* INPUT DATA
......
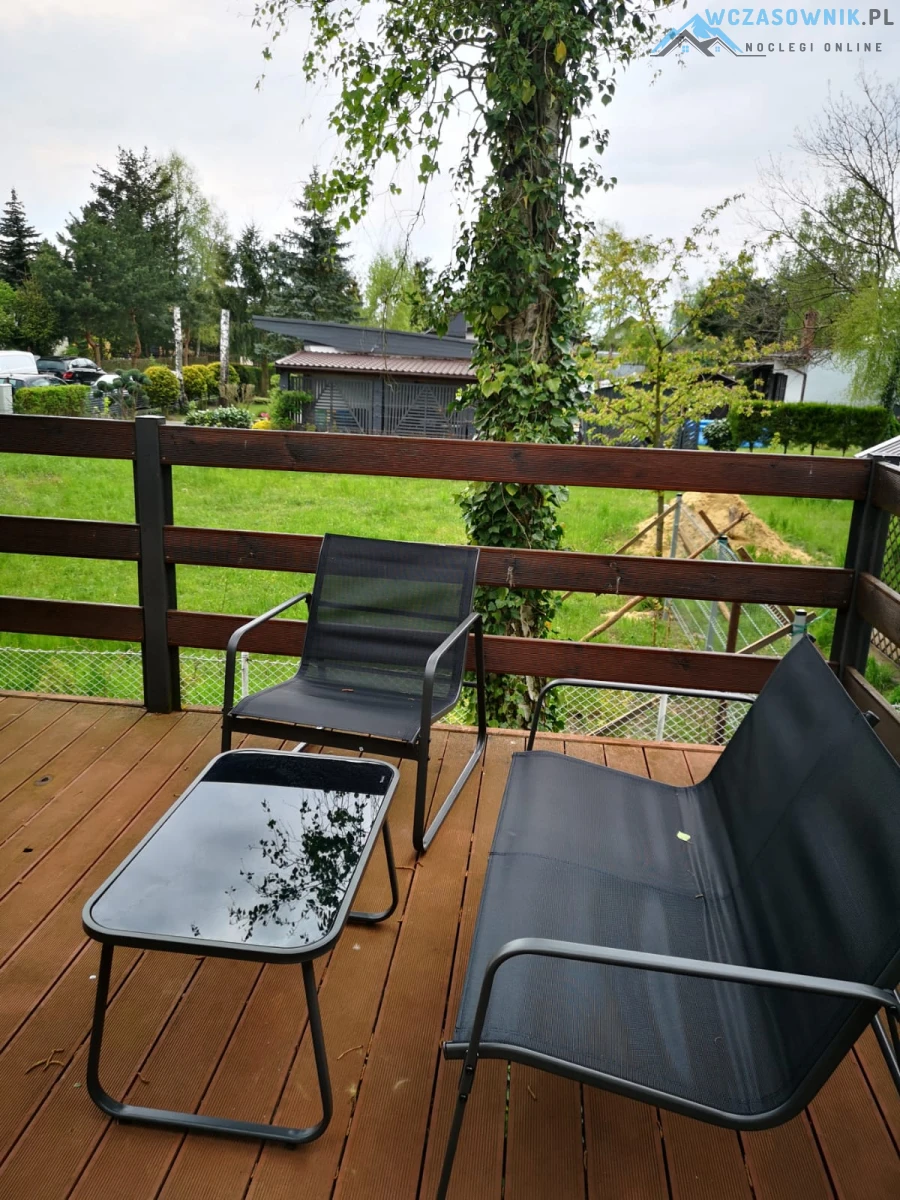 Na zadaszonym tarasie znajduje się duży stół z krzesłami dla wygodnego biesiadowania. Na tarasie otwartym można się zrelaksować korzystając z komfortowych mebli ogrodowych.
......
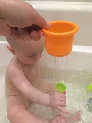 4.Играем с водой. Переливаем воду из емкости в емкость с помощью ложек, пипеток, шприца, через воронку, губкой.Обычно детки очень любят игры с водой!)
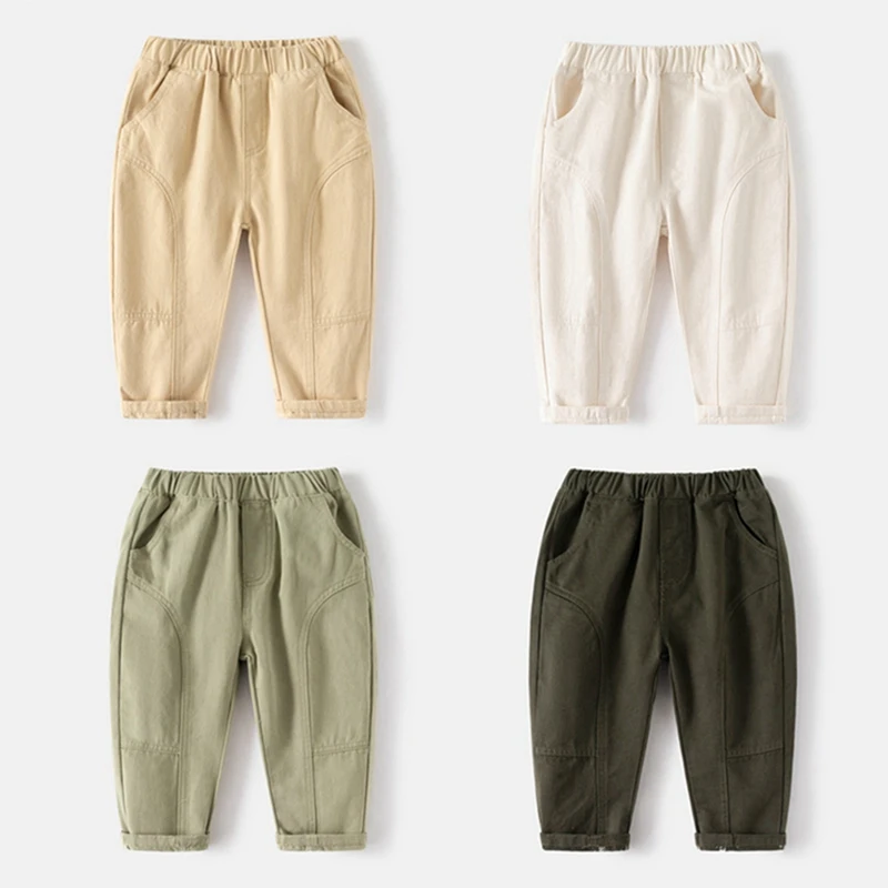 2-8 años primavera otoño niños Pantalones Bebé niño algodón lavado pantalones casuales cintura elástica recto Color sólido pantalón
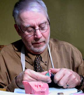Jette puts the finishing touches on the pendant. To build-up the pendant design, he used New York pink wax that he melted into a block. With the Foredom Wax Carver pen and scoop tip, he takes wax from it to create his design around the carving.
......
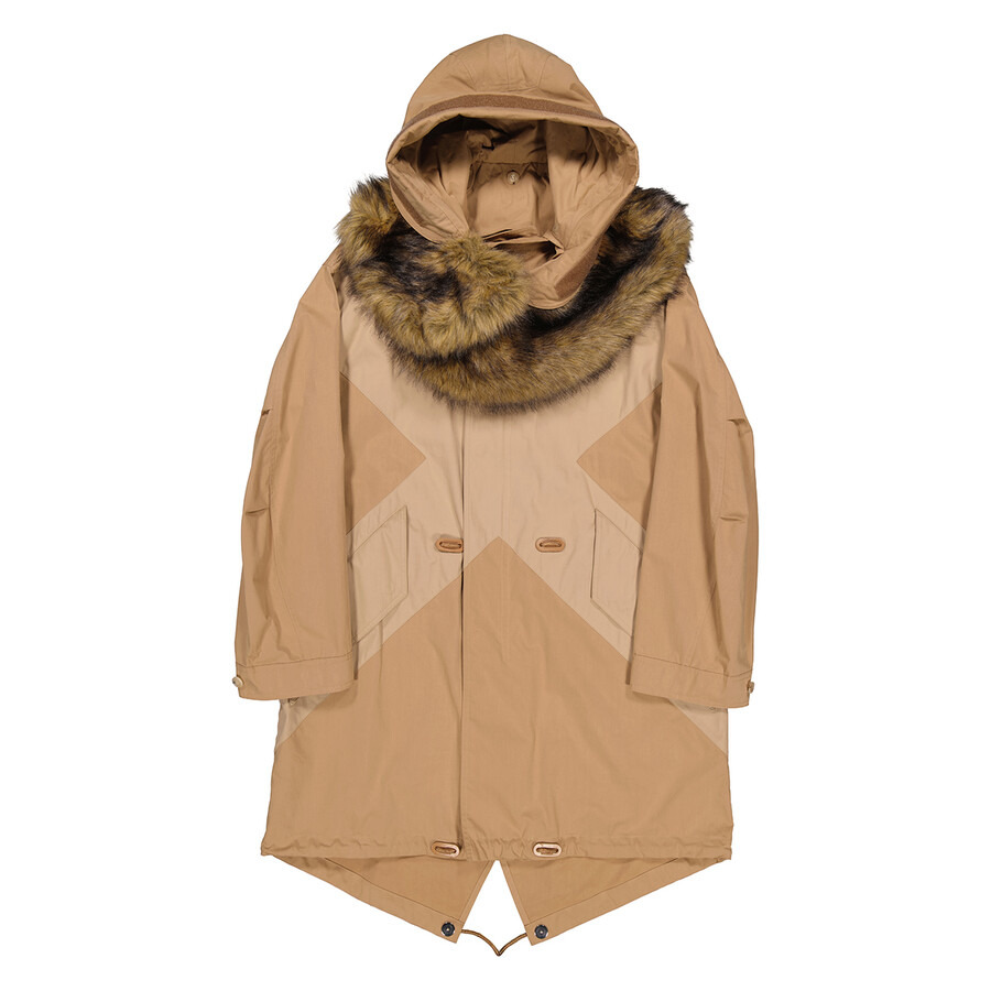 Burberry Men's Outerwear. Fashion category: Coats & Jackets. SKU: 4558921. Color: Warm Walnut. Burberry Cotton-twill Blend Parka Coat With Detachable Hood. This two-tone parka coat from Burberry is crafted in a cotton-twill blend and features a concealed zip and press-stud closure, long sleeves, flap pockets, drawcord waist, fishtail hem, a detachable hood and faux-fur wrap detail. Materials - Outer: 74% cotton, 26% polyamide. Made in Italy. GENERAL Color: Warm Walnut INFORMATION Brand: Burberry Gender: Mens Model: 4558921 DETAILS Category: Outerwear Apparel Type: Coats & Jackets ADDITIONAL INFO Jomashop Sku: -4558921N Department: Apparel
......
* REQUIRED ACTION
Although the records above contain pictures, the copy should not; retype exactly the lines from the one containing "4.Играем с водой." through the one containing "Jette puts the".

* THE ANSWER
 4.Играем с водой. Переливаем воду из емкости в емкость с помощью ложек, пипеток, шприца, через воронку, губкой.Обычно детки очень любят игры с водой!)
 2-8 años primavera otoño niños Pantalones Bebé niño algodón lavado pantalones casuales cintura elástica recto Color sólido pantalón
Jette puts the finishing touches on the pendant. To build-up the pendant design, he used New York pink wax that he melted into a block. With the Foredom Wax Carver pen and scoop tip, he takes wax from it to create his design around the carving.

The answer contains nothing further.